As with all sites it is incumbent upon each respective County Judge to agree to address each road site. It is anticipated once an “agreement” has been fully developed and signed by the appropriated parties work would begin.

It was noted in the BRCC report that 14,784 feet of Lone Beach Church Road in Newton County was among a list of sites considered by the BRCC unpaved roads subcommittee. That project carries an estimated cost of $80,600. Also considered was, 11,088 feet of Newton County Road 6450 with a cost of $84,400.

The 7/10 mile Cane Branch Road project calls for the installation of 19 culverts, road grading, ditch re-shaping, surface materials and other work. The site is within approximately 3,000 feet from Cane Branch and the Buffalo River. Ditch runoff from this site directly impacts the Buffalo River.

The 2 miles of Cave Mountain Road averages 1,500 feet or less from discharging into the Buffalo River.
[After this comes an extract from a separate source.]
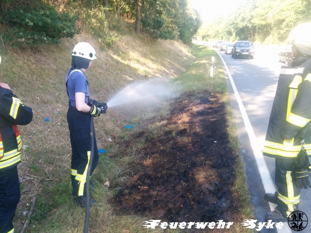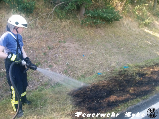 Die Orstfeuerwehr Syke wurde zu einem Flächenbrand gegenüber des eigenen Feuerwehrhauses alarmiert. Dort hatten einige Quadratmeter Grünfläche gebrannt. Die Besatzung eines Funkstreifenwagens der Polizei hatte das Feuer bereits mit einem Pulverlöscher gelöscht, sodass die Fläche von der Feuerwehr anschließend nur noch ausreichend gewässert werden musste.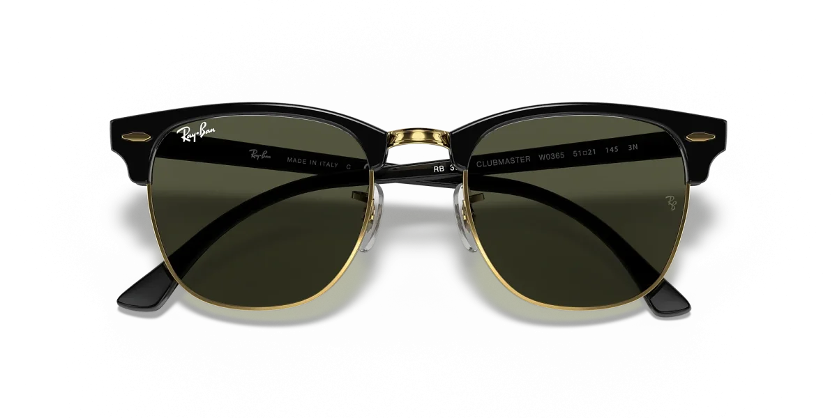 I Ray-Ban Clubmaster Classic reinterpretano una delle silhouette più iconiche del brand, combinando estetica heritage e design contemporaneo. La struttura in acetato nero con dettagli metallici oro valorizza la tipica forma squadrata del modello, creando un contrasto elegante e raffinato che richiama lo stile d’ispirazione vintage.

The road slopes from 3-15%, has switch back curves and suffers from ditch and road shoulder erosion. Due to its grade and the volume of traffic the road “washboards.”
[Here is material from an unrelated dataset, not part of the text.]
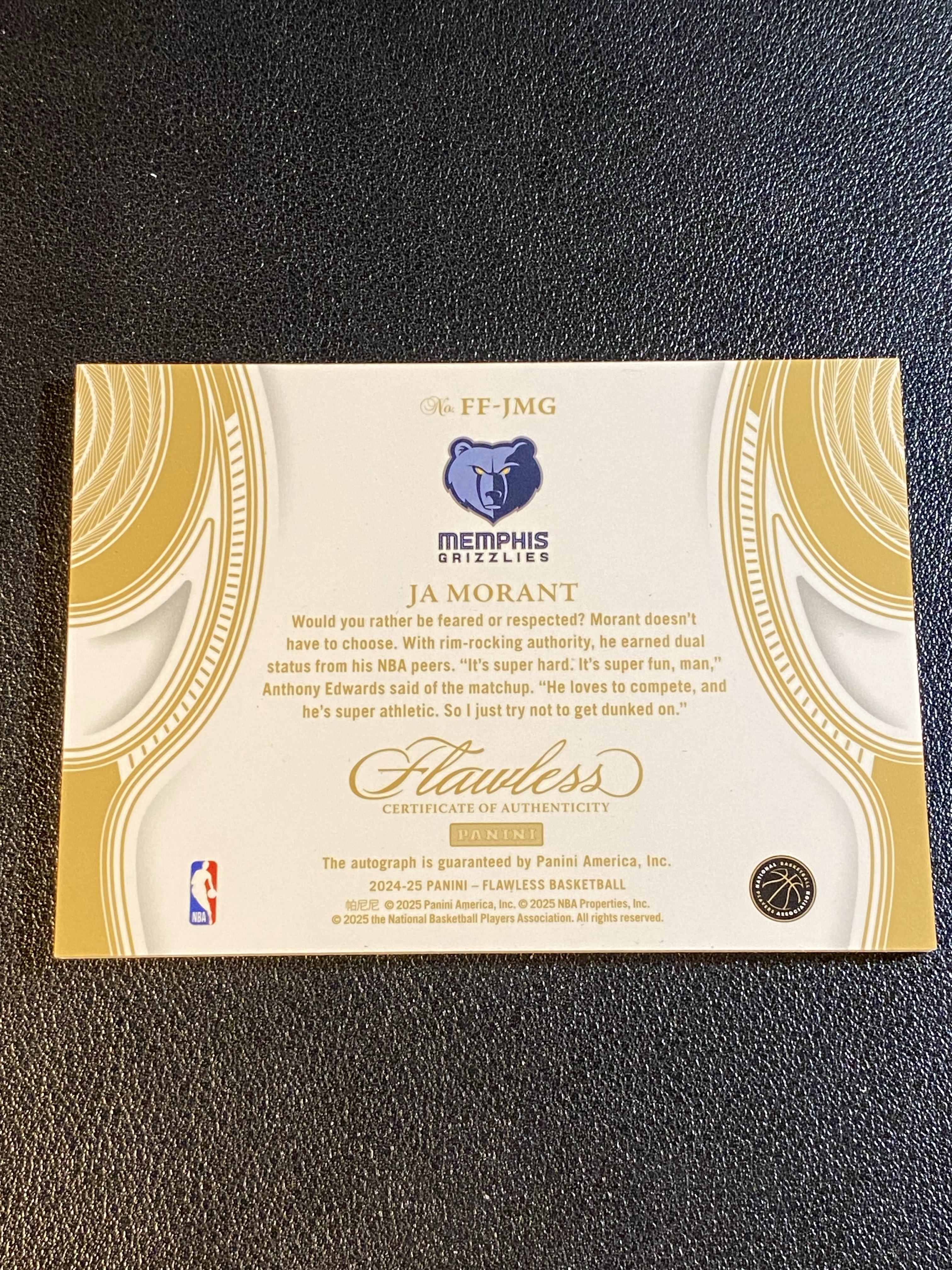 2024-25 Panini Flawless Ja Morant 手提系列 灰熊 贾 莫兰特 圣枪游侠 绝杀签 签字 卡签 完美签 金闪 4/10超低编 绝美选图 微微印 送砖 拍卡请看描述 「K」

General work to be performed includes removal of trees, install cross pipes, enhance base with clay and crushed stone and roll with a smooth drum roller, chip and seal and install guard rails.

It is specifically noted in the report that once funding is secured the National Park Service will initiate an assessment for the project site. It is estimated the assessment will take 9-12 months. This assessment must be completed, and any issues noted adequately addressed before work can begin.
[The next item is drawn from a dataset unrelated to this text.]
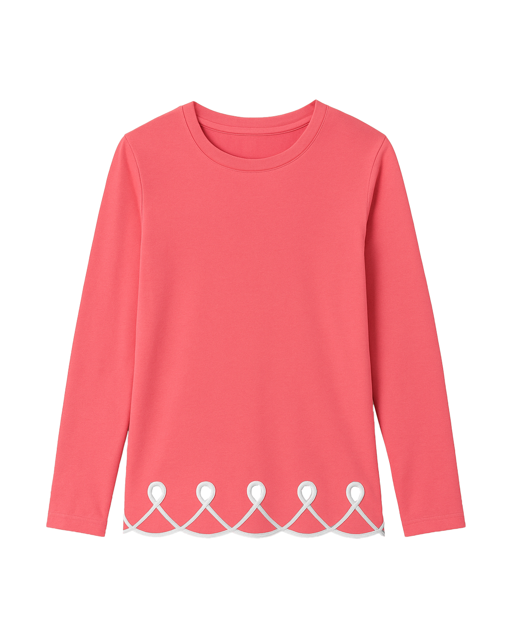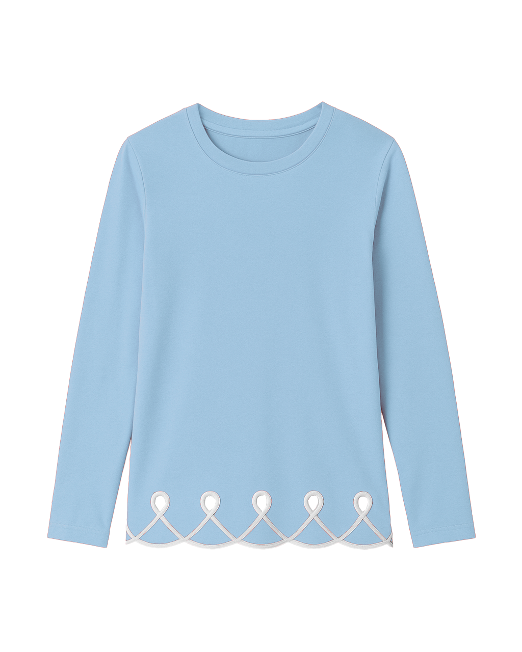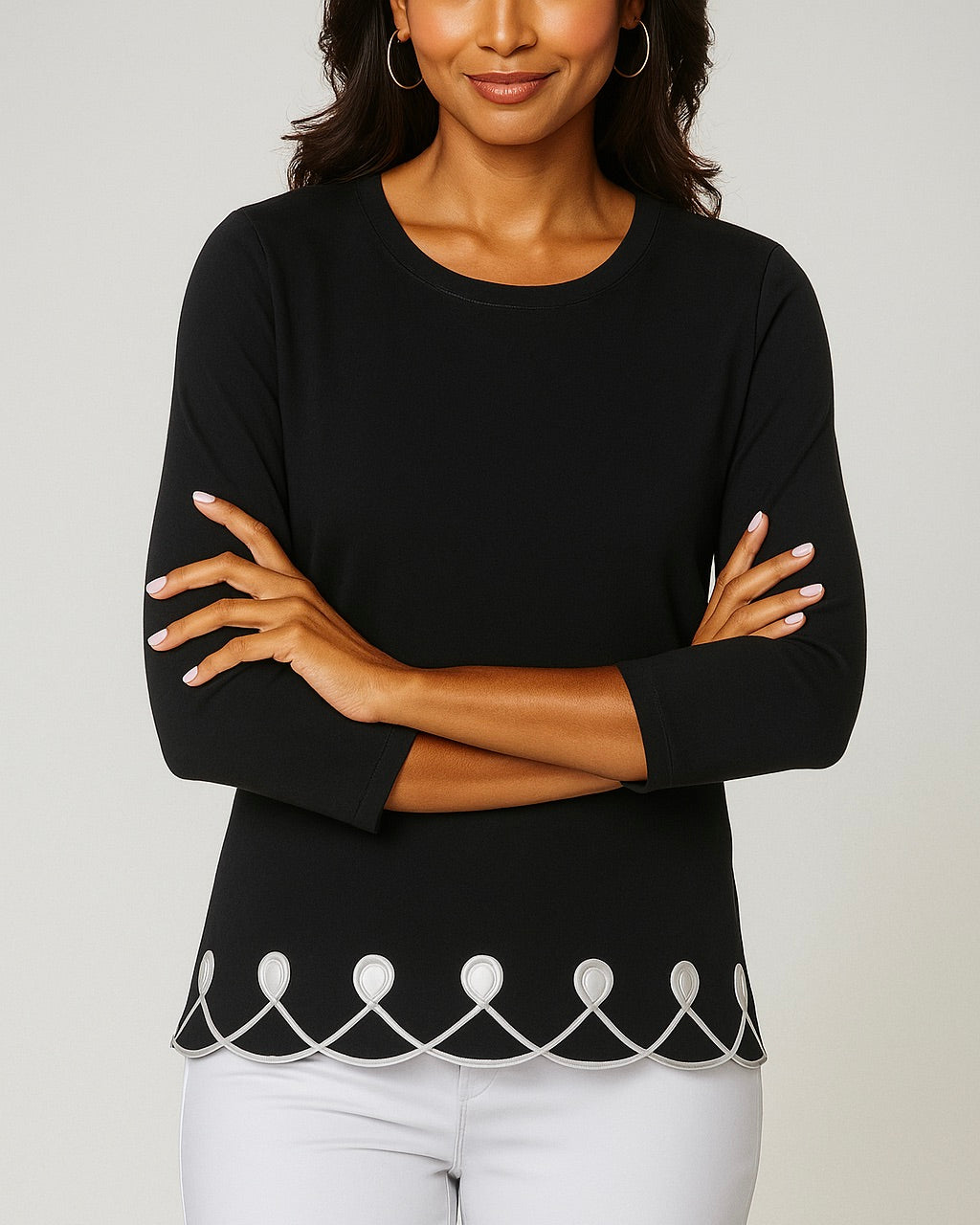 The Amélie Top is crafted in our soft yarn blend, in classics like Black/White or playful hues like Blossom or Turquoise. It's fitted 3/4 sleeves and crew neckline provide timeless comfort, while the scalloped hem with delicate circular cutouts adds a touch of feminine detail and lightness. This versatile piece pairs effortlessly with tailored trousers or casual denim, perfect for evening dinners or weekend gatherings. Intricate detailing on a classic style.• Care Instructions: Machine wash cold, Only non-chlorine bleach when needed, Tumble dry low, Cool iron OR Professional dry clean.• Fabric Content: 96% Pima Cotton / 4% Spandex• Country of Origin: Peru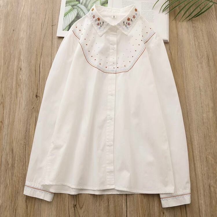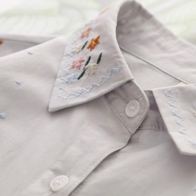 レディース トップス シャツ ブラウス 襟付き 角襟 フェミニン 刺繍 前開き ボタン かわいい 大人可愛い シンプル カジュアル 上品 おしゃれ レトロ エキゾチック こなれ感 ガーリー エレガント 抜け感 ヴィンテージ ラブリー キュート ロリータ クラシカル カントリー ロマンティック ナチュラル 花柄 フラワー 春 秋 デート お出かけ イベント 旅行 女子会 休日 お花見 重ね着 韓国 オルチャン 楽ちん 普段使い 着回し トレンド 流行 インスタ映え M L XL 白 ホワイト ライトグレー

The Water & Wastewater Subcommittee met Aug. 4 and reviewed projects including the City of Jasper's request of $350,000 from the BRCC. BRCC in June approved grant funding in an amount of $250,000. In July, Arkansas Natural Resources approved loan funding in the amount up to $1,791,750. The project calls for wastewater treatment facility improvements to include sludge processing, main pump station improvements and collection system rehabilitation.

The subcommittee workgroup is recommending additional funding for this project, if available.

The report also shows that Marble Falls Sewer Improvement District No. 1 requested $100,000 from BRCC towards a wastewater project costing $555,000

USDA Rural Development is working with the applicant for the balance of the funding. Natural Resources is also working with the applicant for possible funding.

Marble Falls is exploring alternatives including a septic tank option. The consulting engineer has determined the individual septic tanks would not, work, but a community system may be viable.

Additional information regarding the septic tank option should be available in mid-August. Marble Falls SID #1 continues to work with Communities Unlimited to determine the appropriate resolution.

The report relates that the state department of environmental quality and health department voiced concerns about a community septic system, and recommended Marble Falls or Communities Unlimited reach out to them.

The update also reports that Bass Pro founder Johnny Morris announced the purchase of the former Dogpatch USA theme park property on Aug. 4, 2020. The plans for the property are not finalized and remain in early stages. According to the press release, Morris says he is committed to preserving the historic Dogpatch property as a nature experience for future generations to enjoy.

As a result of regulatory comments indicating a general state of disrepair at the wastewater treatment facility, the installation of a new, smaller Advantex treatment facility at the same location as the existing wastewater treatment facility is proposed. All components would remain in use and in the current configuration except the existing package plant would be converted to a flow equalization basin and the existing blowers would be abandoned. Additionally, heat tracing would be installed on backwash water lines for the existing drum filters.

Granting Marble Falls' grant request of $100,000 is contingent on department of environmental quality and health department approval of the project, securing funding for the balance of estimated project costs, and Marble Falls SID #1 meeting the existing debt services requirements with Natural Resources Commission.